In the meantime, with the resurgence of downtown, a host of dining opportunities have opened in the area. One of the best options for variety is the food hall at the Pizitz, a legendary Birmingham department store whose flagship location has been converted into a multi-use facility with retail, offices, and apartments (www.thepizitz.com). There are over a dozen dining options at the Pizitz, all centered around The Louis bar on the ground floor.  Even more exciting for me is that the Pizitz will soon be home to two 100-seat movie theatres, the Sidewalk Cinema, providing a year-round showcase for independent films.

Thomas Jefferson Tower, Birmingham

After three documentaries in quick succession, I was ready for a break and made my way to the newly renovated Thomas Jefferson Tower for a late lunch at Roots and Revelry (www.roots-revelry.com). The Thomas Jefferson is a 19-story hotel, opened in 1929 (www.tjtower.com). It was abandoned for years and has been restored for residential living and retail. A most notable piece of trivia about the TJ Tower is that it still has its zeppelin mooring mast rising from the roof. In 1929, the prospect of mooring airships on the roof of a high-rise hotel was a realistic and practical one. This was, after all, eight years before the Hindenburg disaster.


After a relaxing meal, I returned to my day of documentaries. Next up was Stephen Kijak’s If I Leave Here Tomorrow: A Film about Lynyrd Skynyrd. I was never a huge fan of Skynyrd although “Sweet Home Alabama” is ubiquitous in Alabama and many a late night was reenergized by “Free Bird.” I saw the band for the first time at the Georgia Jam, a stadium show in Atlanta, in 1974. They were one of several bands in a day-long event that ended with the Allman Brothers Band. Kijak’s documentary covers all of the high and low points of the band’s existence and brought back a lot of memories of the 1970s and my college years. I saw Skynyrd a couple more times before the 1977 plane crash.

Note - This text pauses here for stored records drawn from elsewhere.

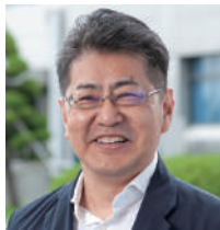
樋口 裕思 北陸先端科学技術大学院大学 産学官連携客員教授

「オープンイノベーション活動に必要な人材と、 ニーズとシーズをベストマッチさせる方法」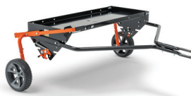
ATTACHMENT PLATFORM 586 63 72-01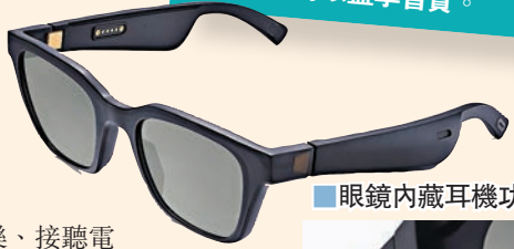
■ 眼鏡內藏耳機功能

看似是太陽眼鏡，其實內藏了無線耳機，這副 BOSE Frames 可給爸爸全方位的視聽新體驗。它配有品牌輕巧的聲學系統，採用品牌獨家開放式設計，可讓爸爸在沐浴陽光、欣賞美景的同時，自在享受音樂、接聽電話及使用語音助手，適合喜歡音樂兼時尚的爸爸們。如果爸爸們的形象較多變，你更可選購兩款可替換鏡片，隨造型和心情設計專屬的 BOSE 眼鏡，同時減少眩光問題。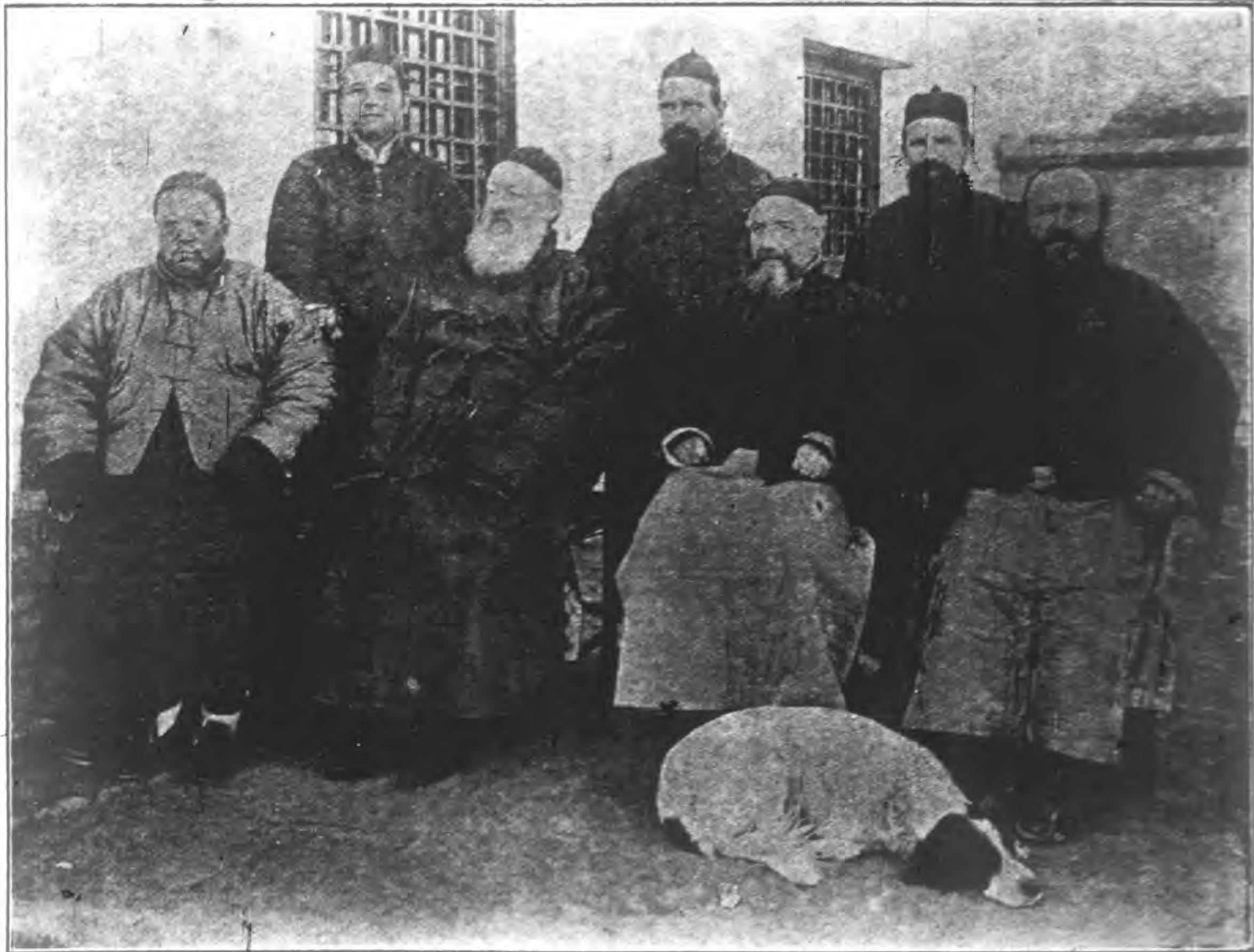
山東司法鐸來華銀慶紀念影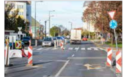
A Móri úton is kerékpársávok lesznek az út mindkét oldalán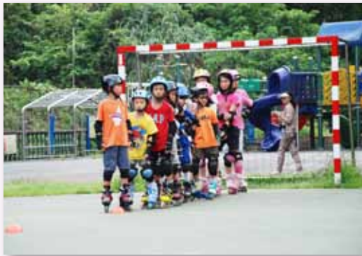
提供補助令弱勢孩子也可參加社團

除了學區本地孩子之外，我們採混合型大學區，接受臺北市各區之學生到本校就學，因此，家庭組成十分多元。一直以來我們積極的推動預防性輔導措施，營造溫馨、和諧的校園文化、提供機會發揮潛能、肯定並給予孩子更多的關懷與支持，在親師生的努力下，我們一直保持「零中輟」的紀錄。另外，我們的弱勢家庭（含單、繼親、隔代教養、身障生、新移民）約佔 40.22%，社經背景普遍需扶持，伴隨經濟與教養問題，為此，學校成立教育儲蓄戶專戶，並積極引進各項政府及社會資源，提供弱勢孩子各項獎助學金申請（如指南宮、集應廟之獎助學金）、安心就學補助申請、午餐補助、攜手激勵之外的向陽專案課後輔導、家長會提供的社團學習補助、駐區諮商心理師到校輔導等，以拓展其學習視野，確保每個孩子都能安心就學，期能全方位的關懷扶助每個需要協助的孩子。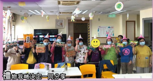
禮物我哋決定一同分享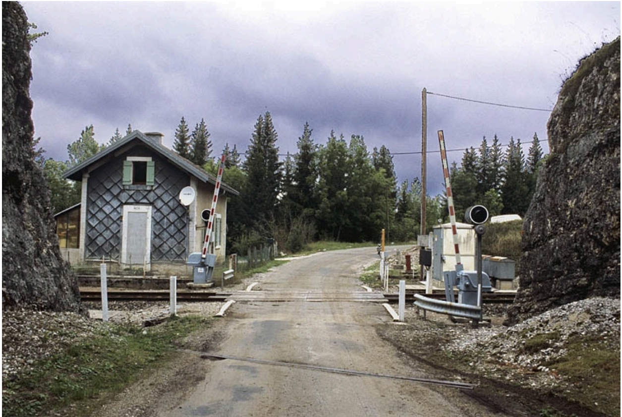
Façade sud (côté voie).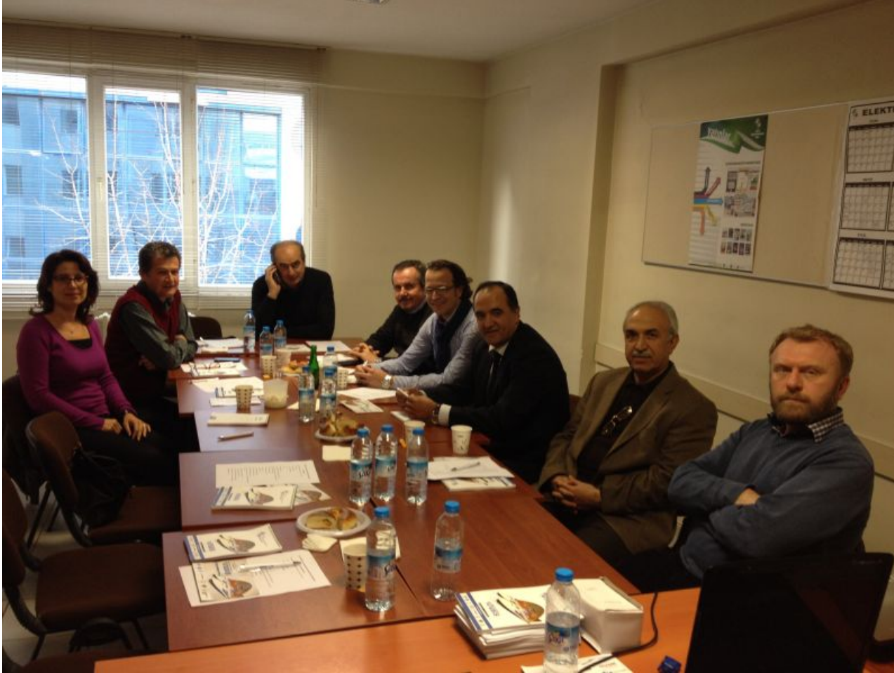
2. YÜRÜTME KURULU TOPLANTISI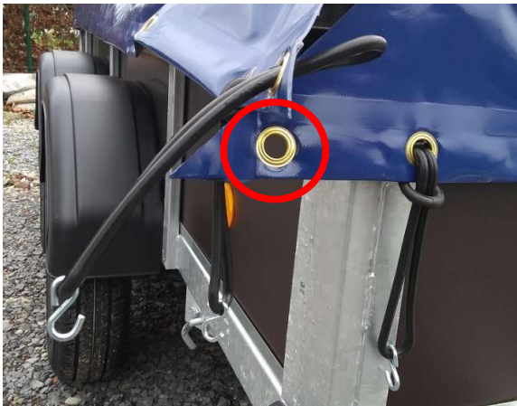
Afbeelding 1: messing zeilring ingeslagen in het vlakzeil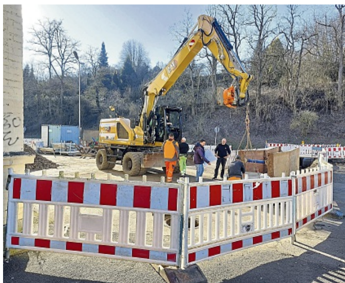
Die Bauausführende Firma Küllmer ist gerade mit dem Einbau eines Schachtes zur Verlegung der Kanal- und Trinkwasserleitungen beschäftigt.

Die geplante Fertigstellung des Bahnhofsvorplatzes ist für den Herbst vorgesehen, gefolgt von Pflanzarbeiten, die den Platz weiter aufwerten und eine angenehme Atmosphäre schaffen werden. Es ist ein spannendes Vorhaben, das zur Attraktivität des Bahnhofs und zur Verbesserung der Aufenthaltsqualität in Sontra beitragen wird.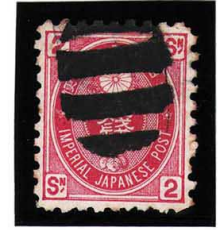
HH4-15 U小判2銭 大ボタ鹿児島 使用済 65 ¥2,200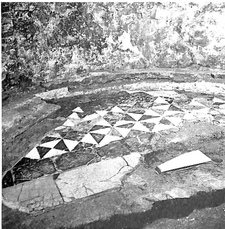
NOVARA.—Baptisterio. Pavimento de mármol.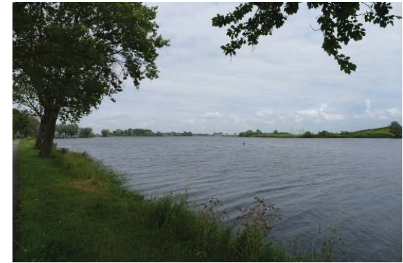
uitzicht over het Buiten Spaarne bij Spaarndam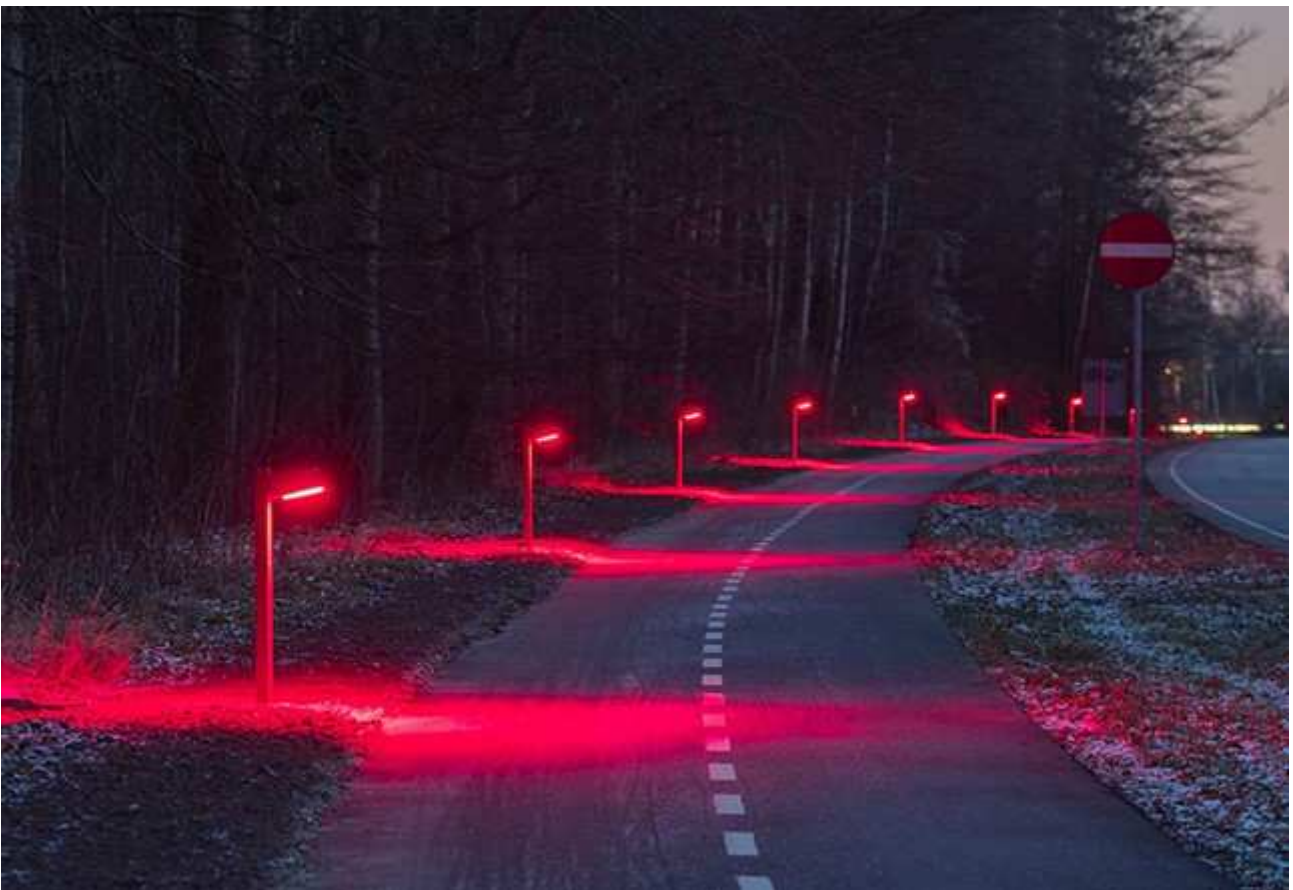
Referencebillede: Focus Lighting NYX pullert med rød belysning, opsat langs supercykelstien ved Skovbrynet Station (ved Frederiksborgvej) i Gladsaxe Kommune.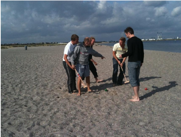
En sand leder ...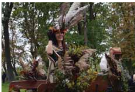
Podzimní královna se ihned ujala vlády.

si mohly opéct špekáček, jablíčko, bramboru a další pochutiny. Letní královna náhradnici bedlivě vyhlížela a svou dosavadní vládu si pochvalovala. „Byla velmi dlouhá a velmi teplá. Myslím si, že si všichni léto úžasně užili, ale sluníčko už je teď unavené.“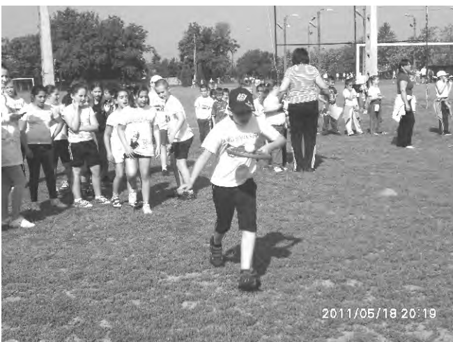
Az alsósok versenyén minden ügyességüket, egyensúlyérzéküket elővették a gyerekek.

Tisztelettel és szeretettel köszöntjük a pedagógusokat!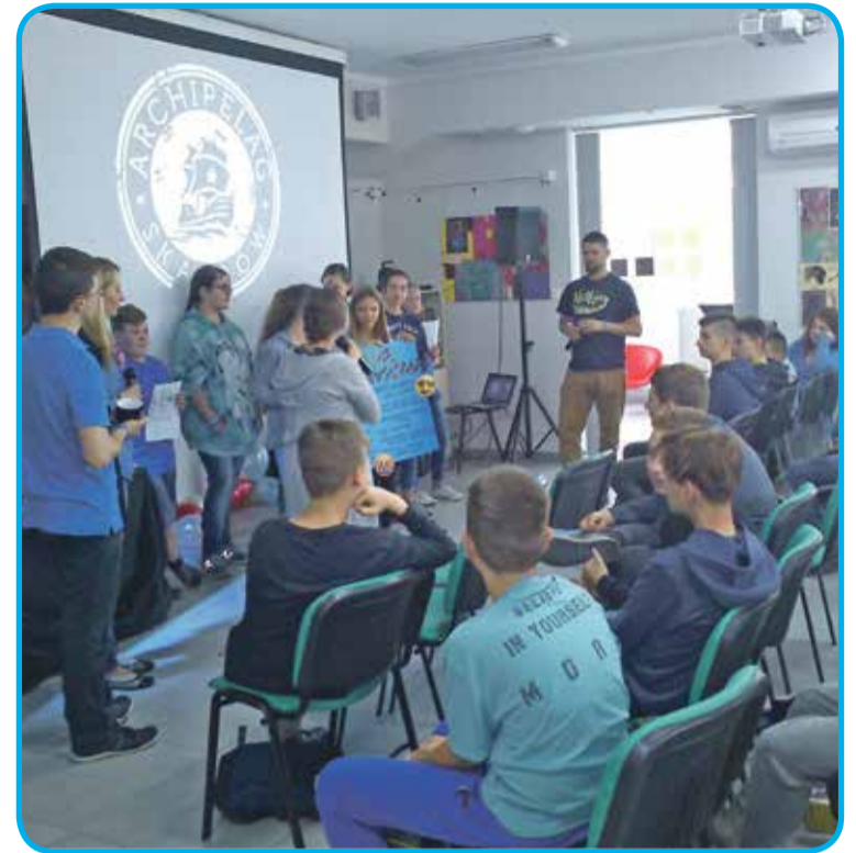
Fot. Uczniowie aktywnie brali udział w warsztatach

Uwieńczeniem dwudniowych warsztatów był „festiwal twórczości”, podczas którego młodzi ludzie mogli zaprezentować zdobytą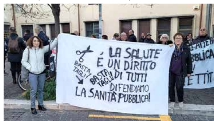
Una delle numerose proteste che si sono svolte in tante località in difesa della sanità pubblica contro i tagli. Qui siamo a Terni A sinistra: Roma, 15 dicembre 2022. Il presidio di protesta dei lavoratori della sanità pubblica in difesa del Servizio sanitario nazionale

contro i cambiamenti climatici, la cura del dissesto idrogeologico, la riconversione ecologica della produzione (in ultima analisi possibile solo nel socialismo), l'abolizione del debito pubblico e il taglio delle spese militari, anche in funzione del reperimento di risorse economiche sulle quali per noi le masse devono avere diritto di parola e di gestione, la lotta all'inquinamento e quindi alla bonifica dei territori e per il trasporto pubblico sia urbano che extraurbano, sbarrando la strada alle mega opere speculative in odor di mafia che aggravano le condizioni di vita delle masse e inquinano l'ambiente, stroncare l'ingerenza del Vaticano negli affari dello Stato italiano, cominciando dall'abolizione dell'“obiezione di coscienza” negli ospedali pubblici che di fatto comprimono il sacrosanto diritto all'aborto.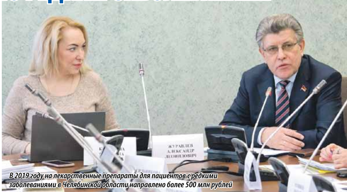
В 2019 году на лекарственные препараты для пациентов с редкими заболеваниями в Челябинской области направлено более 500 млн рублей

СЕГОДНЯ В НАШЕЙ СТРАНЕ АКТИВНО ВЕДЕТСЯ РАЗРАБОТКА НАЦИОНАЛЬНОЙ СТРАТЕГИИ ПО ПРОФИЛАКТИКЕ И ЛЕЧЕНИЮ РЕДКИХ, ИЛИ ОРФАННЫХ, ЗАБОЛЕВАНИЙ. ЕЕ ВНЕДРЕНИЕ ПОЗВОЛИТ РЕАЛИЗОВАТЬ СИСТЕМНЫЙ ПОДХОД К РЕШЕНИЮ ВОПРОСОВ РЕДКИХ ЗАБОЛЕВАНИЙ, ПРИ ЭТОМ ОСНОВНЫМ ФИНАНСОВЫМ ИСТОЧНИКОМ ДОЛЖЕН СТАТЬ ГОСУДАРСТВЕННЫЙ БЮДЖЕТ. ВСТРЕЧА ЮЖНОУРАЛЬСКИХ ПАРЛАМЕНТАРИЕВ С НЕПОСРЕДСТВЕННЫМИ РАЗРАБОТЧИКАМИ СТРАТЕГИИ ПРОШЛА НА ПЛОЩАДКЕ ЗАКОНОДАТЕЛЬНОГО СОБРАНИЯ.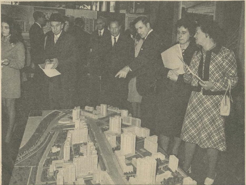
„Ein Blick auf die europäischen Hauptstädte“, hier auf den Moskauer Newski-Projekt

reihen, zu einem Rechteck zusammengestellt, schmückten die Fähnchen der teilnehmenden Länder. Nach dem ungarischen Alphabet „geordnet“ sassen dort die Delegationen der Hauptstädte; neben Berlin z. B. hatte Wien (Bécs), daneben Belgrad Platz genommen. Die Stirnfronten des schönen Saales wurden durch eine grosse Nachbildung der goldbraunen stilisierten Gedenkmedaille geziert, die übrigens auch alle Einladungskarten zu diesem grossen Treffen schmückte. Vor dem Tisch, an dem der Budapester Oberbürgermeister Platz genommen hatte, häuften sich im Verlaufe der Tagung die Gastgeschenke der europäischen Hauptstädte an die ungarische Metropole: Bildbände, vergoldete Schlüssel alter Stadttore, Keramiken, Wappen, Vasen... Die Städte schienen um das originellste Gastgeschenk, um das typischste Zeichen ihrer selbst regelrecht zu wetteifern! Die Referate der einzelnen Stadt-oberhäupter, deren Themen übrigens nicht „vorgeschrieben“ waren, sondern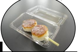
伊那路にて五平餅 (別100円NET)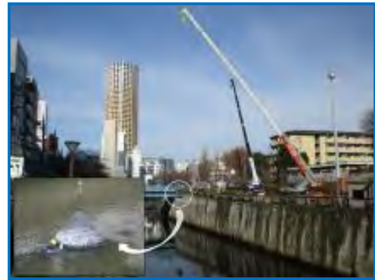
川底を均す工事の様子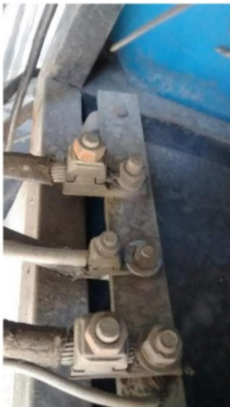
Figura 04 - Limpeza e reaperto dos conectores e barramentos neutro.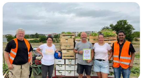
Glanage solidaire en Occitanie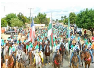
Cavalgada de Serra do Ramalho - Ba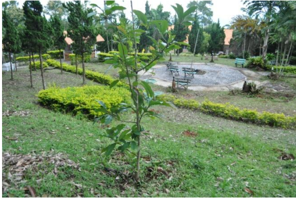
ภาพที่ ๓ ลำต้นมณฑาดอย

สมเด็จพระเทพรัตนราชสุดาฯ สยามบรมราชกุมารี ทรงปลูกต้นมณฑาดอย เมื่อวันที่ ๕ พฤศจิกายน ๒๕๕๑ บริเวณบ้านโชนที่ ๒ ต้นไม้ปลูกในพื้นที่ลุ่มน้ำท่วมรากเน่า ปลวกกัดกินรากและลำต้น ยืนต้นตาย เจ้าหน้าที่อุทยานแห่งชาติได้นำต้นใหม่มาปลูกทดแทนแล้ว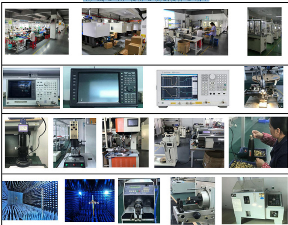
生产线 & 生产设备 & 测试设备 & 暗室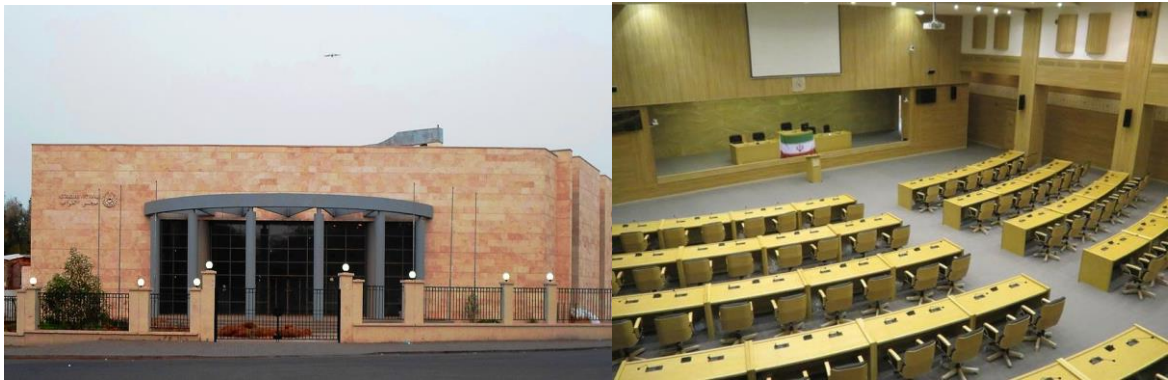
อาคารรัฐสภาและห้องประชุมรัฐสภาสาธารณรัฐจิบูตี

รัฐสภาสาธารณรัฐจิบูตีได้จัดตั้งคณะกรรมการเฉพาะกิจเมื่อวันที่ ๕ เมษายน ๒๕๖๓ เพื่อสนับสนุนและติดตามงานของคณะกรรมการในการต่อสู้กับโรคโควิด-19 คณะกรรมการจะมีการประชุมเป็นไปตามแนวปฏิบัติขององค์การอนามัยโลก (WHO) เพื่อสุขอนามัยและคำแนะนำทางด้านการแพทย์ ทั้งนี้ ตามข้อบังคับข้อที่ ๖ ของรัฐสภา ประธานรัฐสภาสามารถเรียกประชุมเพื่อกำหนดกรอบการทำงานที่เหมาะสมในช่วงที่มีโรคระบาด ตัวอย่างเช่น การลงคะแนนในพระราชบัญญัติที่เร่งด่วนหรือกรณีโรคระบาด และควบคุมผ่านฝ่ายบริหาร สำหรับกิจกรรมอื่น ๆ ขณะนี้ยังพักการดำเนินการไว้ก่อนจนกว่าจะมีการเปลี่ยนแปลง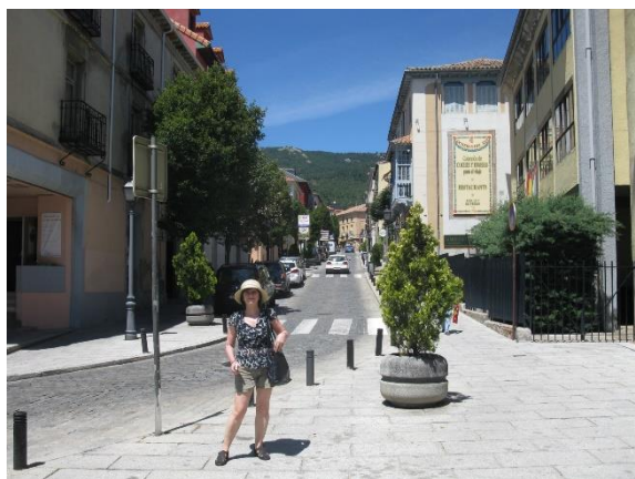
El Escorial - město

Na večeri a nocleh jsme se vrátili do hotelu ve Fuenlabradě a v úterý ráno jsme vyrazili na severozápad k druhému španělskému královskému sídlu, do El Escorialu . Nejdůležitějším a nejvýraznějším objektem v tomto asi 18tisícovém městě je královský palác, avšak je to žijící a funkční město. V "podzámčí" jsme se před odjezdem jen rozhlédli, byli jsme tam proto, abychom si prohlédli palác i s přilehlými zahradami. Pro centrální Španělsko jsou charakteristické velké nadmořské výšky; zde jsme byli asi 1030 m n.m. Při prohlídce paláce nás zaujala knihovna, kde byly knihy uloženy hřbety dozadu, čímž se údajně řešily problémy s vlhkostí vzduchu. Aby knihovna byla k něčemu, musela být speciálně řešena evidence knih, když nebyly dostupné nápisy na hřbetech. Viděli jsme řadu svědectví o zbožnosti španělských králů, např. stavební úpravu umožňující nemocnému králi sledovat mši. Úplně neuvěřitelné bylo, jak jeden nemocný král se nechal odnést do El Escorialu – výkon to byl nejen pro nosiče, ale i pro nemocného panovníka.

My day concluded with Western Hills – Sarah Marie Orr’s “making of” documentary about Birmingham musician Dan Sartain and the process of recording his album, Western Hills. I was drawn by the movie’s title, inspired by a mall in the western section of the Birmingham metro. Western Hills Mall has fallen on hard times and has been the site of gang violence, but it was a prime shopping destination for my mother and grandmother when I was a kid.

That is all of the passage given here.